Sometimes things break, or I can’t get them the way I want them to work, and it takes me ages to figure stuff out. Initially I would cringe at the thought of it taking me days to figure out how to make a table using R, when I could just make it in two minutes in MS Word. However I have spend countless hours over the past few years updating the same table over and over again due to changes in the data. Taking two days to learn how to make those tables in R would have saved me many more days of work in the long run. Having drunk the kool-aid I am now delighted that it took me three hours to figure out how to add an extra row to a table header.

The point I want to make is that if you are reading this blog post and trying to follow along and things don’t make sense or don’t work, don’t worry.

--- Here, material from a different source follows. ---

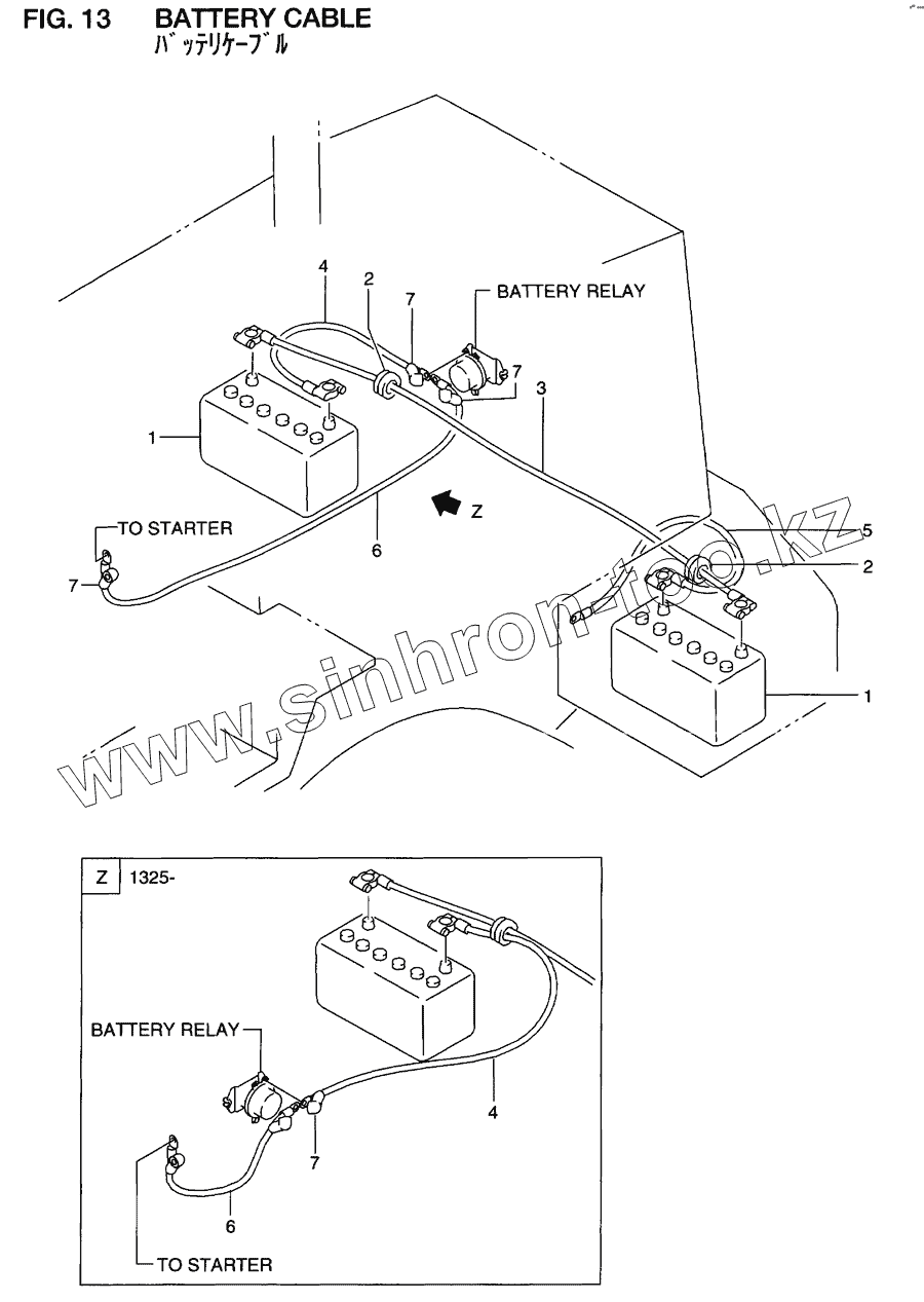 Каталог запасных частей к технике: Hitachi LX-110-7. Battery cable

You’ll figure it out eventually, this is just the process of learning something that is actually quite challenging to pick up.

Acknowledgements

To write this blog post I used R (R Core Team 2021), RMarkdown (Allaire et al. 2021), knitr (Xie 2014), and tidyverse (Wickham et al. 2019).

References

Hey look, here’s a reference list that was generated automatically thanks to RMarkdown!

Allaire, J, Xie, Y, McPherson, J, Luraschi, J, Ushey, K, Atkins, A, Wickham, H, Cheng, J, Chang, W & Iannone, R 2021, Rmarkdown: Dynamic documents for r, accessed from <https://github.com/rstudio/rmarkdown>.

Eaton, S, Harrap, B, Downey, L, Thien, K, Bowtell, M, Bardell-Williams, M, Ratheesh, A, McGorry, P & O’Donoghue, B 2019, “Incidence of treated first episode psychosis from an australian early intervention service and its association with neighbourhood characteristics,” Schizophrenia Research, vol. 209, pp. 206–211.

R Core Team 2021, R: A language and environment for statistical computing, R Foundation for Statistical Computing, Vienna, Austria, accessed from <https://www.R-project.org/>.

Wickham, H, Averick, M, Bryan, J, Chang, W, McGowan, LD, François, R, Grolemund, G, Hayes, A, Henry, L, Hester, J, Kuhn, M, Pedersen, TL, Miller, E, Bache, SM, Müller, K, Ooms, J, Robinson, D, Seidel, DP, Spinu, V, Takahashi, K, Vaughan, D, Wilke, C, Woo, K & Yutani, H 2019, “Welcome to the tidyverse,” Journal of Open Source Software, vol. 4, no. 43, p. 1686.

Xie, Y 2014, “Knitr: A comprehensive tool for reproducible research in R,” in V Stodden, F Leisch, & RD Peng (eds), Implementing reproducible computational research, Chapman; Hall/CRC.